Farmer John has been informed of the location of a fugitive cow and wants to catch her immediately. He starts at a point N (0 ≤ N ≤ 100,000) on a number line and the cow is at a point K (0 ≤ K ≤ 100,000) on the same number line. Farmer John has two modes of transportation: walking and teleporting.
* Walking: FJ can move from any point X to the points X - 1 or X + 1 in a single minute
* Teleporting: FJ can move from any point X to the point 2 × X in a single minute.
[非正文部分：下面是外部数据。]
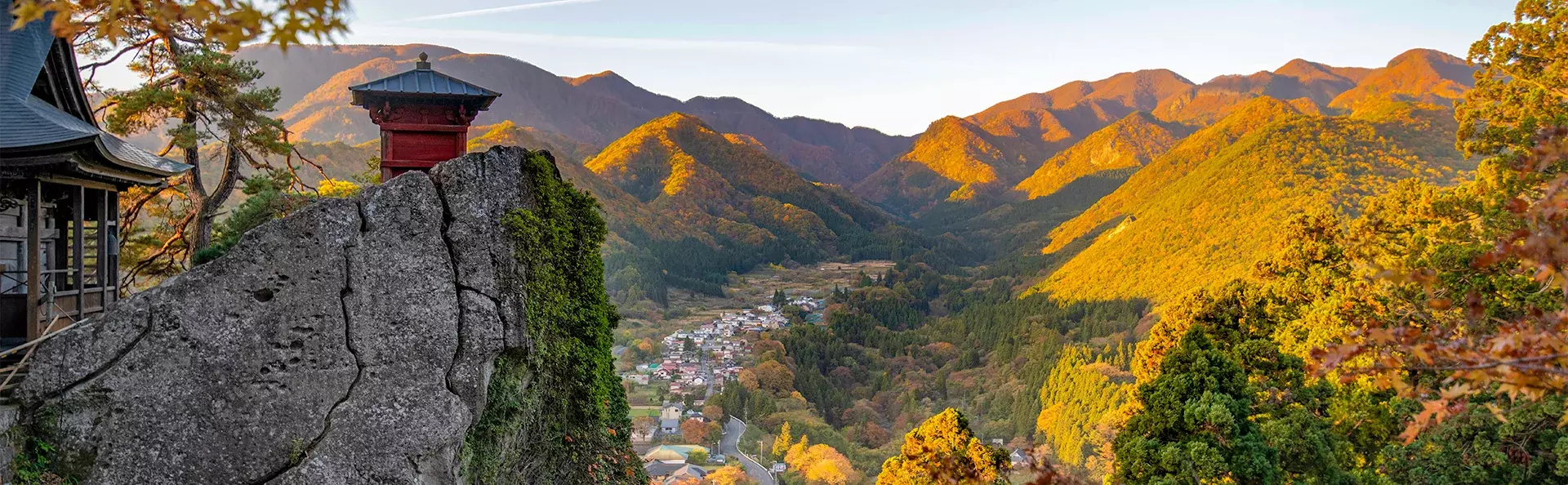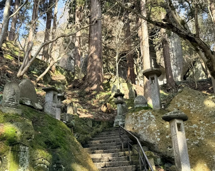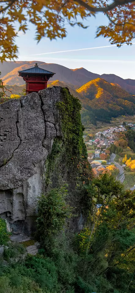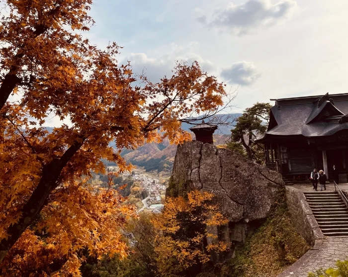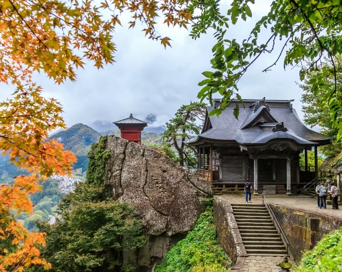 Fra stasjonen vandrer du opp mot Yamadera-tempelet, som klamrer seg dramatisk til fjellsiden. Du følger en sti med flere hundre steintrapper som munker og pilegrimer har tråkket på i århundrer. Trappene slynger seg gjennom eventyrlige omgivelser med høye sedertrær og en nesten urokkelig følelse av fred. Underveis passerer du små, mosegrodde helligdommer og utkikkspunkter der du kan trekke pusten og la blikket gli utover det storslåtte landskapet.

If the cow, unaware of its pursuit, does not move at all, how long does it take for Farmer John to retrieve it?
Input
Line 1: Two space-separated integers: N and K
Output
Line 1: The least amount of time, in minutes, it takes for Farmer John to catch the fugitive cow.
Sample Input
5 17
Sample Output
4
HintThe fastest way for Farmer John to reach the fugitive cow is to move along the following path: 5-10-9-18-17,
which takes 4 minutes.
分析:
题意:一条线上,人的FJ的起点为K位置,牛在N位置(牛不动),输入正整数K和N。若FJ在x位置,FJ有三种走法,分别是走到x-1、x+1或2x位置。求从K走到N的最少步数 。
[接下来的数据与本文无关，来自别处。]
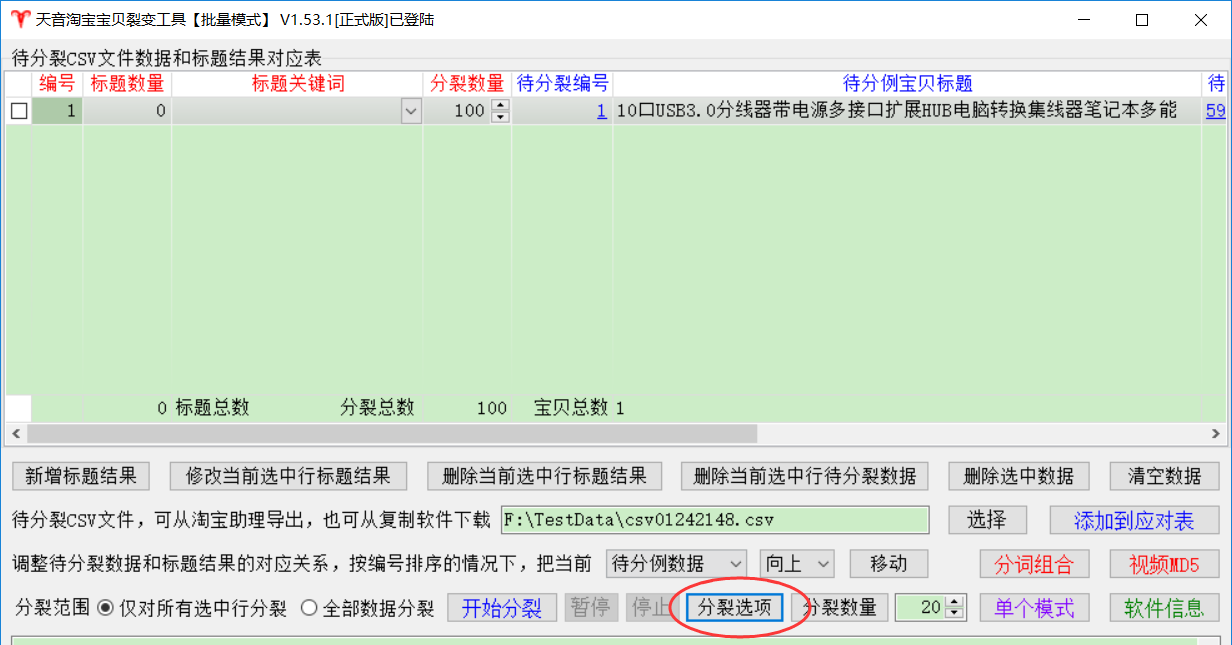 —>打开裂变工具,右下角待分裂CSV文件,选择刚刚下载的CSV文件;

很简单的一道bfs搜索题,只不过把常见的二维地图换成了一维的,循环换成三种走法。
这道题作为我广搜入门题,让我会用了stl,懂得了广搜的套路。nice
ac代码:
#include<iostream>
#include<queue>
#include<cstring>
#include<cstdio>
using namespace std;
const int maxn=100001;
bool book[maxn];//标记数组
int step[maxn];//记录到了每一位置所走的步数
queue <int> q;//定义队列
int bfs(int n,int k)
{
int head,next;
q.push(n); //开始FJ在n位置,n入队
step[n]=0;
book[n]=true; //标记已访问
while(!q.empty()) //当队列非空
{
head=q.front(); //取队首
q.pop(); //弹出对首
for(int i=0;i<3;i++) //FJ的三种走法
{
if(i==0) next=head-1;
else if(i==1) next=head+1;
else next=head*2;
if(next<0 || next>=maxn) continue; //排除出界情况
if(!book[next]) //如果next位置未被访问
{
q.push(next); //入队
step[next]=step[head]+1; //步数+1
book[next]=true; //标记已访问
}
if(next==k) return step[next]; //当遍历到结果,返回步数
}
}
}
int main()
{
int n,k;
while(cin>>n>>k)
{
memset(step,0,sizeof(step));
memset(book,false,sizeof(book));
while(!q.empty()) q.pop(); //注意调用前要先清空
if(n>=k) printf("%d\n",n-k);
else printf("%d\n",bfs(n,k));
}
return 0;
}